Violence is in movies, music, comic books, books, and nearly everything you do. Some of the greatest movies are violent. Gone with the Wind, Wizard of Oz, Saving Private Ryan, and even the old classic Disney films are violent. Same goes for comic books. Even in the 1950's where comic books had to be absurdly tame, it still had violence in them. Music and books are downright graphic. Listen to a song from the Marshall Mathers LP by Eminem and there is a good chance that there is a violent reference. Then there are bands like Cannibal Corpse and Dethklok. Their songs are violent by nature. There is not an episode in Metalocalypse that some random person dies in the most graphic ways. I’m a fan of They Might Be Giants and there’s a song from there new album on which it hinted that two young kids kill their parents. This is not the only song they sing about that has death in them. In their long career, death one way or another is one of the main themes. If you think that games and music is bad, it has nothing on books. 

GORE AND GORE 

One of the most popular books to come out in the past 20 years is the Harry Potter series. It starts out fun and light, but by the time the series ends, it’s so far removed it feels like an entirely different series. If you saw the movie and read the book, you know that the snake did not disintegrate in the book like it did in the movie. The snake was flown off and blood was everywhere. What you make in your own head is worse than what actually is. In the Dark Tower series, Stephen King goes to an absurd detail on how a person got ran over by a car. No music, game, or movie has ever match that level of graphic violence. That is why horror movies are effective and some are not. The less we see the better. Because there was not a PG-13 rating back in the early 70's. Toby Hopper was hoping to get a PG rating on Texas Chainsaw Massacre because of how little gore was shown, but when it was released it was rated R. Even by today’s PG-13 standards, the film is tame. What pushed it to the R rating was how little was shown and how your brain made it worse. The ironic thing is, is that Jaws is rated PG and that film is gorier than Texas Chainsaw Massacre. 

 
He gives us the idea, we just fill in the blanks. 

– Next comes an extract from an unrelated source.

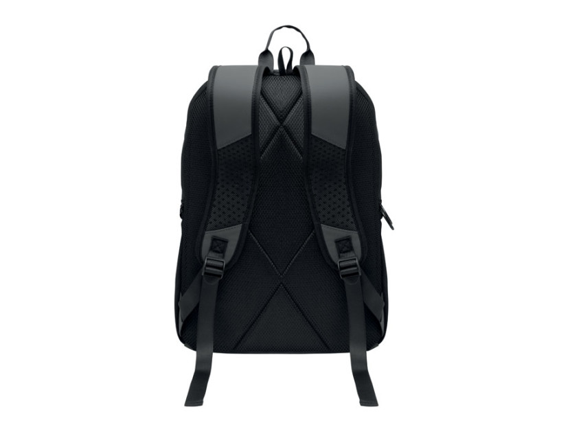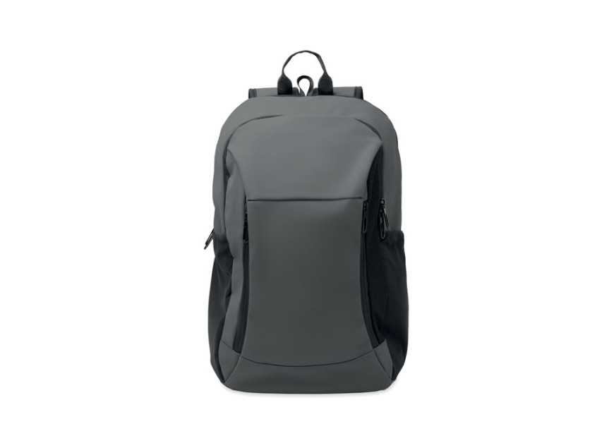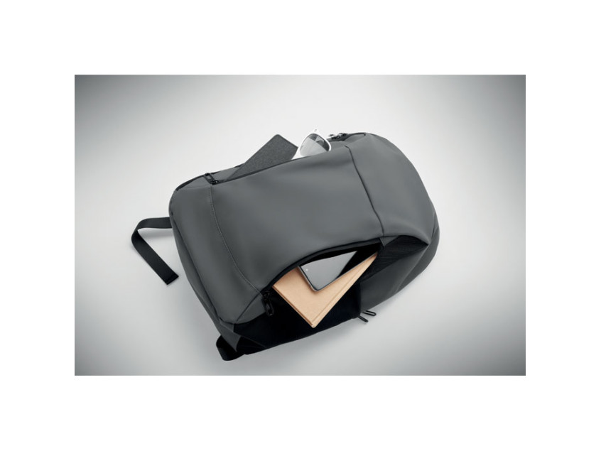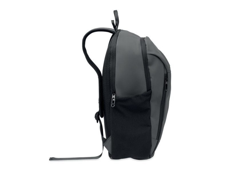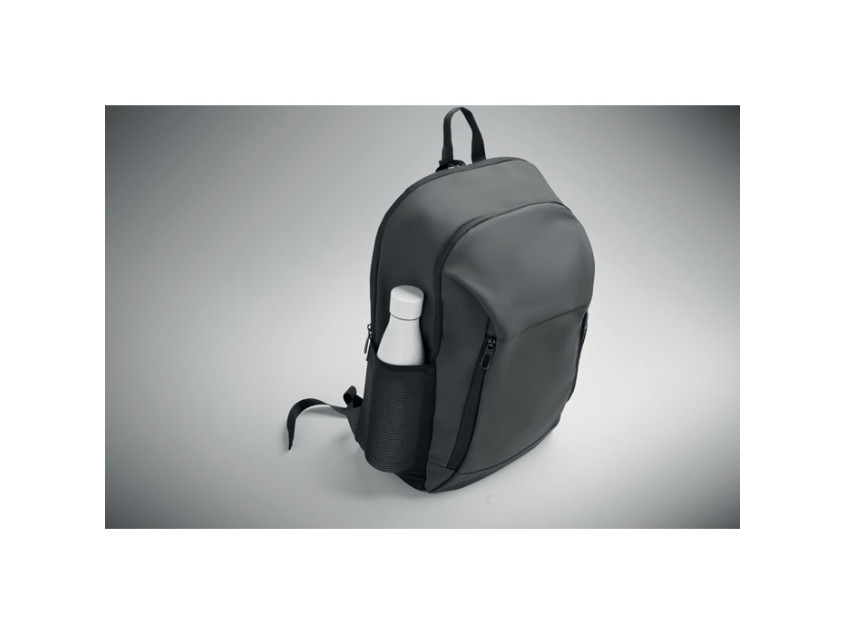 15 inch laptop backpack in soft PU with padded back and hidden zippered main compartment. 1 zippered front pocket, 2 front side zippered pockets and 2 elastic mesh side pockets. With 210D RPET lining.

You could argue that the reason why games are in the spotlight instead of films and books is because we are participating on the violence. While this is true to a point, we are only interacting with someone else’s idea. It’s one thing to play a game; it’s another thing to write about a fictional character’s death. In the game we are giving the tools to kill an enemy. Either by sword, gun, magic, blunt object, to even the body. Writing about a death allows you to step forward beyond that. It gives you a motive, setting, weapon, and the characters. I could write that person A kills Person B with an ax, or I can say that person A dodge person B’s attack and Kills person B. I can kill A or B in a number of ways. By the chest, legs, arms, or even the head. It’s entirely up to me and that is what games can’t do. 



There will always be violence in media. Whether fiction or on your nightly news, violence will never go away. I just rather prefer violence in a game, book, movie, music, paintings, plays, or any other matter that is not real life. If you kill another human being, then there is something far more wrong with you than you realize. There is no easy answer, so try not to find one.